At Bidwells, senior partner Nick Pettit said: “Creating a dividing line in access to funding and channelling investment away from global centres of excellence neglects the nationwide benefits that investment in the Arc and its scientific enterprises can generate.
“The Arc is brilliantly placed to forge greater and stronger collaborations and partnerships with, across and in other geographic and sectoral areas of expertise in the UK for the national good.’’
Bidwells has co-ordinated 17 of the largest investors and employers in the region to write to chancellor Rishi Sunak arguing for greater support for the Arc.
Demand outstripping supply
According to Bidwells, there is currently demand across the Arc for office and laboratory space equivalent to “six AstraZenecas”. In the laboratory market alone, there is more than 2m sq ft being sought by businesses ranging from start-ups to global names. With supply of lab space increasingly limited, Bidwells warns that many businesses will not see their future in the UK.
A spokesman for the Department for Levelling Up, Housing & Communities said: “The Ox-Cam Arc is a globally renowned hub of innovation, with businesses and universities that are leading the way in life sciences, space and green technologies. In October last year, the government ran a public consultation gathering views to shape the vision for this area. We continue to work through next steps, and will provide more information in due course.”
Industry executives warn that without government support and funding, growth in the Arc will be much more challenging.
CBRE’s head of life sciences for the UK and EMEA, Joanne Henderson, said: “When you look at the best life sciences clusters and ecosystems in the US, you can see the preferential funding that the top ones get, the ones with the world-class reputations, because it’s really important for government to be supporting the growth of these leading clusters.
“Oxford and Cambridge have a global reputation. When you think about levelling up, a lot of the other clusters just simply don’t [have a global reputation]. So if you’re not standing and growing the ones that are world-leading, the risk is they will lose a global brand because the government has not seemed to be supporting them and is relying too much on the private sector to do that.”
Louise Ward, partner at Charles Russell Speechlys, noted that plans to shelve government support for the Arc are likely to be unwelcome to international investors looking at new opportunities. She said: “In terms of any ambition for the Arc to rival centres in the US, the government decision clearly harms that, despite long-term support from successive Conservative cabinets.”
Some have questioned whether government support had ever given enough momentum to the initiative on the ground. Nick Walkley, former chief executive of Homes England, said on social media: “The Arc was a programme that had so much in its favour.
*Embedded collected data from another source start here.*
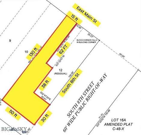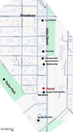 Rare commercial land in Manhattan's vibrant community with 15 ft of E. Main Street frontage. 3424 sq ft commercial parcel off Main St. and S. 8th St. Recently surveyed and all corners are marked. Zoned Central Business District which has no minimum set backs from property lines. Endless opportunities with ideal live/work. Use your imagination with this affordable lot---you could build an apartment on top of your business or shop. The strip of E. Main frontage jogs back to 30 feet off S. 8th with over 50 feet access from back alley. Manhattan has experienced tremendous growth which means all sorts of new business opportunities for you to pursue.
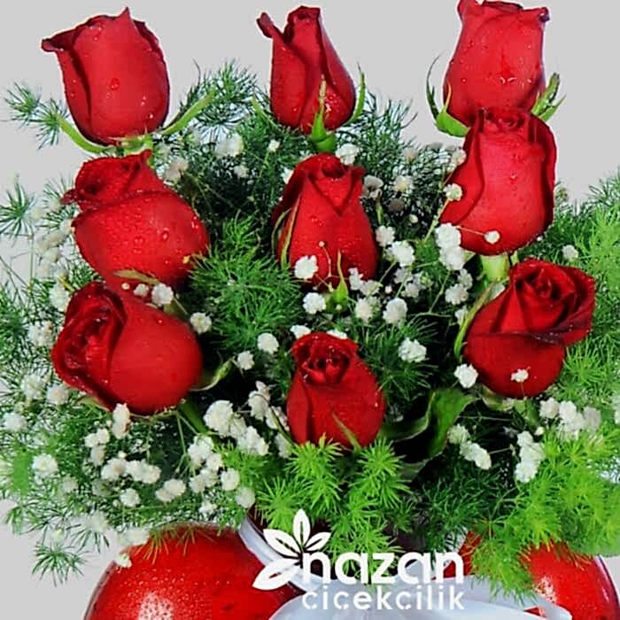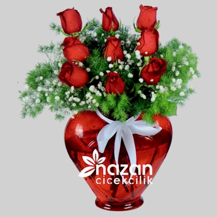 Kırmızı kalp vazo içerisine 9 adet kırmızı gül yeşillik ve cipsofilya kullanılarak hazırlanmış şık bir tanzim
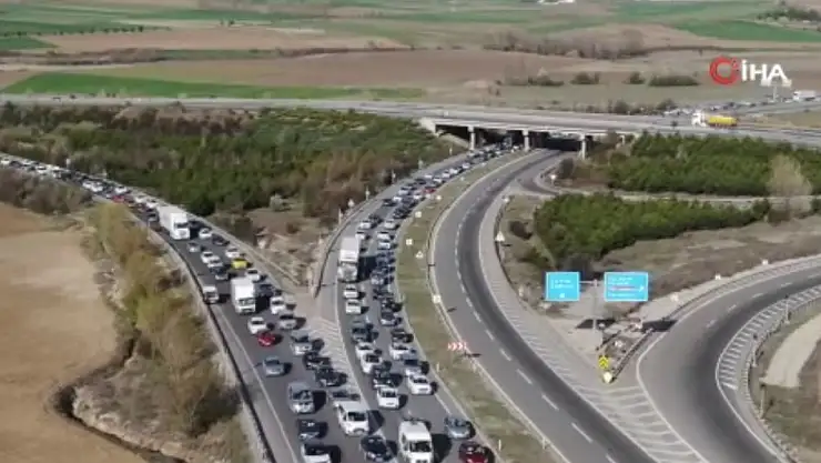 Bayram tatili dönüşünde otoyolda 70 kilometrelik araç kuyruğu
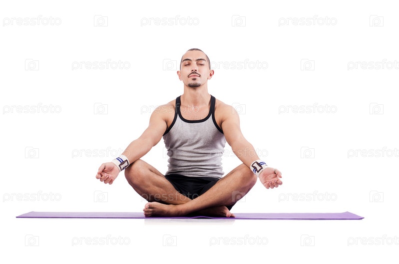 Мужчина делает упражнения на белом фоне
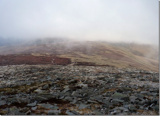 Round Knott from my descent off Carrock Fell, & somewhere in the cloud towards the right is my next target High Pike, but first there was quite a bit of bog to negotiate. |
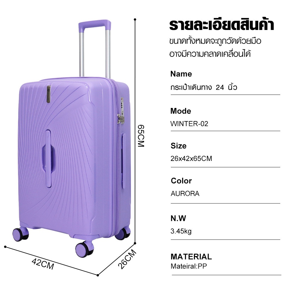 ด้วยขนาด 26 x 42 x 65 ซม. Winter-02 ขนาด 24 นิ้วเหมาะสำหรับการเดินทางสั้น ทริปสุดสัปดาห์หรือทริปยาวก็ได้

HMT support, special civil service unit, high housing demand and of course those world-class universities as economic foundations. But a civil service team is no substitute for robust local governance that gets you through the hard times.”
Walkley added: “Boards and panels are no substitute for robust mechanisms that get local buy-in and allow follow-through. Without that governance (and government aversion) there never really was a spatial plan that prioritised and directed public spending and investors. Instead, we got endless meetings and lots of land speculation – with no one group accountable for the tough decisions.”
Private sector ready to step in
Now, private sector real estate must decide whether to push ahead. Regeneration specialist Jackie Sadek said the sector was ready to “rush in and support” the Arc.
“If the market was ready to go with it and if it was going to be a success story, I don’t know why [government has] abandoned it,” she said. “The spatial strategy that the civil service came up with was actually extremely good and, if it had been me, I would not have thrown the baby out with the bathwater… It erodes trust in whether the government ever means what it says.”
Others have argued the Arc is now well enough established to continue its development journey without public investment. Former British Property Federation chief executive and current chair of the University of Cambridge’s property board Liz Peace said: “Cambridge, frankly, is going to carry on anyway. The government dropping out isn’t going to make any difference. We’re approached by so many people over our University of Cambridge sites. People are queuing up to get into that area.”
Matt Swash, senior director at COREP, also said he expects the news to have little or no impact on the private sector in the short-term amid continued appetite from investors to diversify their portfolios, capitalise on landlord-friendly market conditions, and a seemingly endless supply of new tenants.
“It is the medium-term picture where the major challenge lies.. without government support, particularly from a planning and infrastructure perspective, local authorities simply do not have the money or power to collaborate and deliver a cohesive plan,” said Swash.